周りの女の子と一緒に女子らしいお話をするのが好きだった。散歩している犬を見つけては、友達と許可をとって、一緒に可愛いね、と言ってはしゃいで触っていた。
それを一人の男の子は『女子なんて、気持ち悪い』って言われた。
いつも仲が良い女の子全員纏めて気持ち悪いって言われたような気がして、少しちくりと胸が傷んだ。
私は女の子も男の子も差別なく遊びたかった。架け橋(かけはし)になりたかった。同じ人間だから、性別という概念に囚われたくなかった。
それで男の子のとも積極的に話した。男の子がよく話にするゲームやサッカーにも積極的に関わった。

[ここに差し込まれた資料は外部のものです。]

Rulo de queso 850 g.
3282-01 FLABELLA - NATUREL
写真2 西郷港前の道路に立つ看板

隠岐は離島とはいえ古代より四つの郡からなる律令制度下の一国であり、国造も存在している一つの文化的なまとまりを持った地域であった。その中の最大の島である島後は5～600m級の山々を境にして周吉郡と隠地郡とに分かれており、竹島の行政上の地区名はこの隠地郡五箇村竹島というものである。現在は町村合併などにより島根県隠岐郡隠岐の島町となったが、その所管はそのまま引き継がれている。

そのうち、男の子と関わるのが多くなった。次第に私はおもちゃなんかで遊ぶよりも、ゲームで遊んで『友達』とこんなゲームだった、みたいな話をするのが好きになった。
男の子としか喋らなくなった。
ある日、ふと昔、親友だね、と笑いあった女の子の友達が私の視界に写った。
私の知らない女の子の友達と仲良さそうに話し合っていて、私もその中に入りたいと思った。
思い切って、その子に話しかけに行った。
なんにも変わらない友達。案外優しかったその子。久しぶりに話した。
でも、なんかこの友達は前より大人しくなっていて、話があまり合わなかった。
少し、遠慮もされていた。
男の子の友達とも、優しい男の子としか関わりたくなかった。下品な言葉を軽々と口にする男の子の隣にいるのが不快で、恥ずかしかった。
結局、男の子ともあまり中が続かず、女の子友達とも話が合わず、一人になった。
どれだけ私が男の子と関わっても、一人の女と大勢の男という絵面。一人だけが関わっても、何も変わらない。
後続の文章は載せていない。